Graphene is an atomically thin material that supports highly confined plasmon polaritons, or nano-light, with very low loss. The properties of graphene can be made richer by introducing and then rotating a second layer so that there is a slight angle between the atomic registry. Sunku et al. show that the moiré patterns that result from such twisted bilayer graphene also provide confined conducting channels that can be used for the directed propagation of surface plasmons. Controlling the structure thereby provides a pathway to control and route surface plasmons for a nanophotonic platform.

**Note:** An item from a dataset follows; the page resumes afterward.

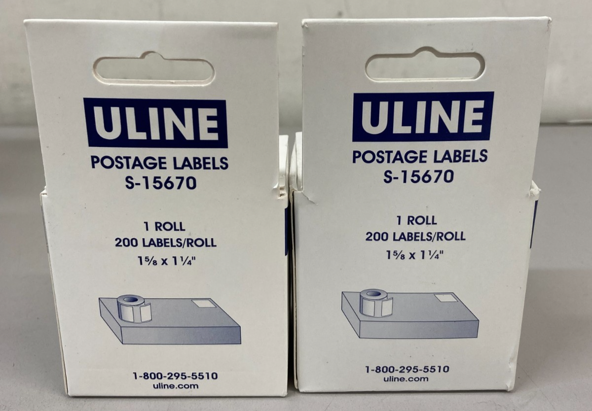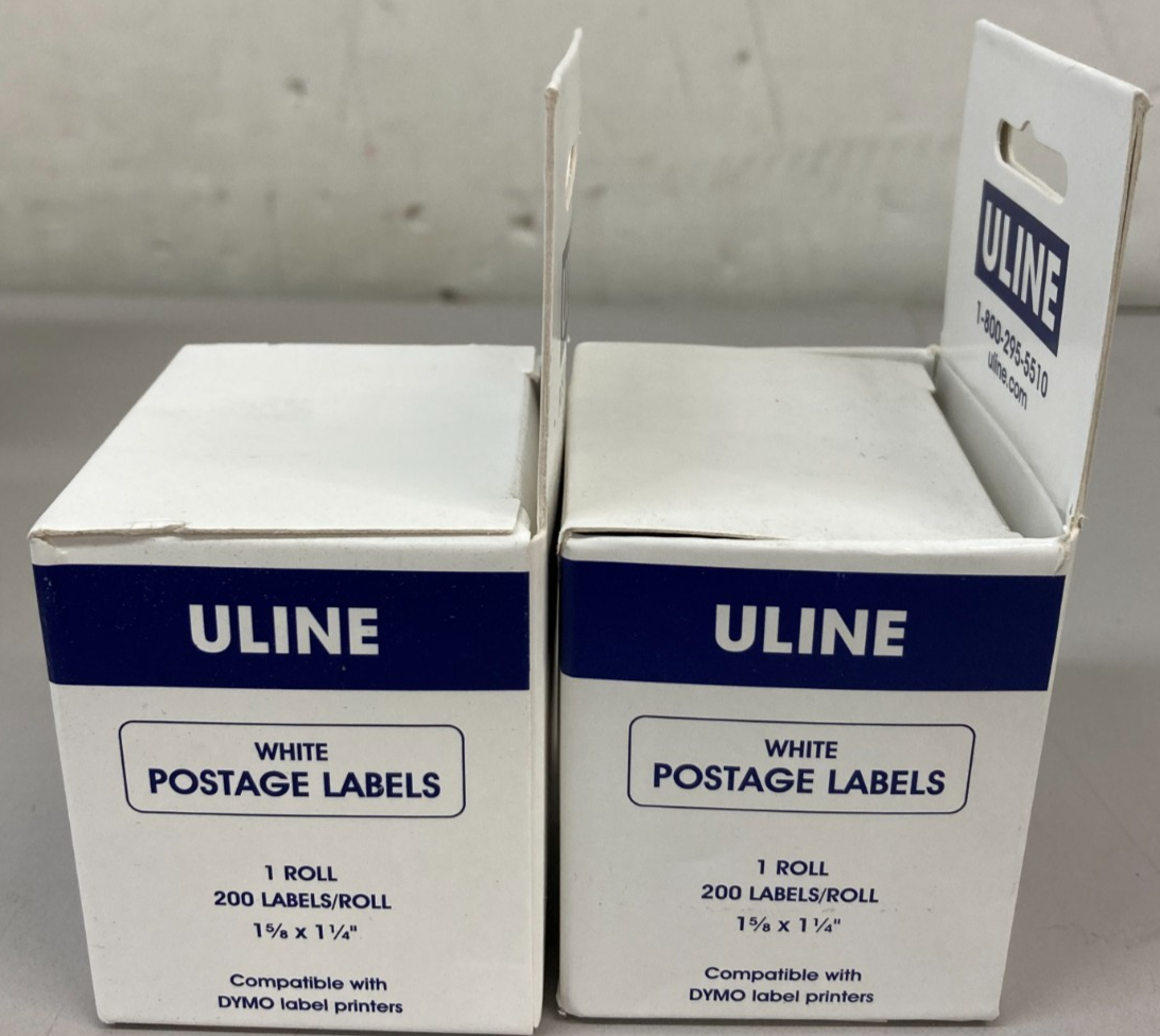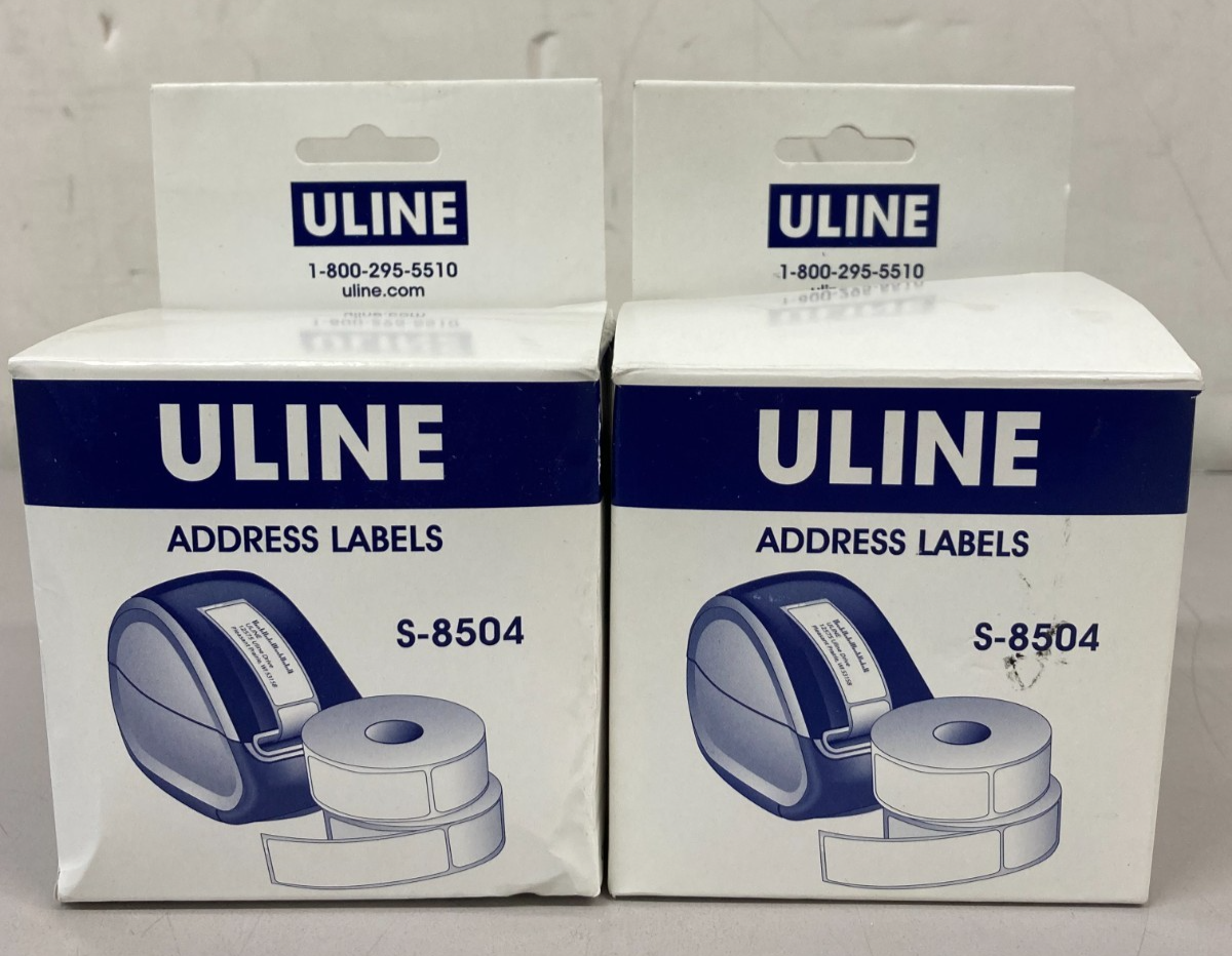 Lot of 2 Uline S-8504 2 Rolls of 350 1 1/8 X 3 1/2 Direct Thermal Label White

Science, this issue p. 1153

Abstract

Graphene is an atomically thin plasmonic medium that supports highly confined plasmon polaritons, or nano-light, with very low loss. Electronic properties of graphene can be drastically altered when it is laid upon another graphene layer, resulting in a moiré superlattice. The relative twist angle between the two layers is a key tuning parameter of the interlayer coupling in thus-obtained twisted bilayer graphene (TBG). We studied the propagation of plasmon polaritons in TBG by infrared nano-imaging. We discovered that the atomic reconstruction occurring at small twist angles transforms the TBG into a natural plasmon photonic crystal for propagating nano-light. This discovery points to a pathway for controlling nano-light by exploiting quantum properties of graphene and other atomically layered van der Waals materials, eliminating the need for arduous top-down nanofabrication.